She's (IMO) the guru of canning! From her, I learned how to...wait for it...wait for it...

BOTTLE BACON!

Yes, yes, it was quite a feat, and I would never have had the courage if not for reading her blog and following the step-by-step instructions, complete with pictures.


----------



## BillM (Dec 29, 2010)

*When*



Lake Windsong said:


> With a little practice you can make decent footwear from old tires, it's a common sight in many countries.


When I was a kid , we used old tire tred to make half soles for our shoes and we attached them with hog rings.

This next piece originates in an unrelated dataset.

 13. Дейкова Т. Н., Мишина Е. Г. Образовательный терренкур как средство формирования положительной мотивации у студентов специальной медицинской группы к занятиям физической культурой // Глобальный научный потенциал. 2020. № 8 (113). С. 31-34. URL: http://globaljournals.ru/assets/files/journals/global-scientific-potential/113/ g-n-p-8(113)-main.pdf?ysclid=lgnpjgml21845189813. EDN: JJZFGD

I don't know how well that would work on a pair of $300.00 Nikes.


----------



## Drumrunner (Sep 25, 2009)

*an excellent thought*



machinist said:


> I am more concerned every day about the loss of critical skills in the US. Not the high tech electronic stuff, but the more prosaic ones like farmers (the average age of farmers is pretty high), machinists (most of the jobs have gone to China), or those already "obsolete" like blacksmiths and those who grow open pollinated seeds. With less demand for any given skill, there are few who pursue learning that skill.
> 
> If/when the US is unable to afford imported goods and foods, how do we kickstart the process here again? How many preppers are learning to graft their own fruit trees? Farm raise fish? Properly select seeds to save? Do leather work? Farm with horses or oxen? Sew durable clothing, or do spinning and weaving? Make shoes?
> 
> ...


Machinist, from my perspective a critical shortage of certain trained people already exists, and will become worse as the "boomers" retire. I am referring to water and wastewater treatment plant operators. These are jobs that almost no one considers, but which no city, village or community can exist without. Already communities are scrambling to find these licensed operators across the country (along with nice increases in salary).
I have been encouraging some people I know to study, take the state exams and look for a job in the water field where there ample opportunities. Happy to say that 2 of the 3 have found full time employment.

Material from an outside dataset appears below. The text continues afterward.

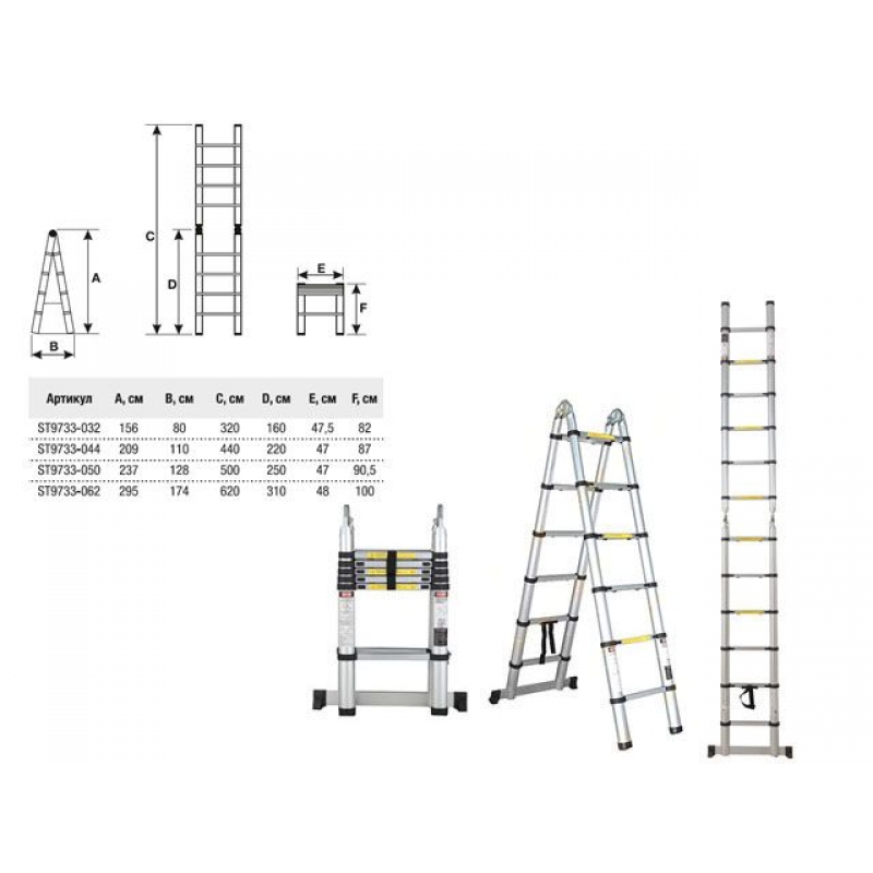 Модификация (высота, см): двусторонняя стремянка (295 см);

(you mentioned blacksmithing, here is a manual on the topic)


----------



## Well_Driller (Jun 3, 2012)

In the last few years I've run into people who pretty much know absolutely nothing about anything. I don't know how they get by, but they are so far out there that they can't even begin to imagine how I can take a simple piece of round bar and put threads on it..... To me it is a ridiculously simple task, but these people are so amazed by something so stupid that it amazes me, and the steam engine I just recently finished, they just can't believe that someone could build something like that from a pile of steel, but to me it's nothing out of the ordinary.


----------



## invision (Aug 14, 2012)

Well_Driller said:


> In the last few years I've run into people who pretty much know absolutely nothing about anything. I don't know how they get by, but they are so far out there that they can't even begin to imagine how I can take a simple piece of round bar and put threads on it..... To me it is a ridiculously simple task, but these people are so amazed by something so stupid that it amazes me, and the steam engine I just recently finished, they just can't believe that someone could build something like that from a pile of steel, but to me it's nothing out of the ordinary.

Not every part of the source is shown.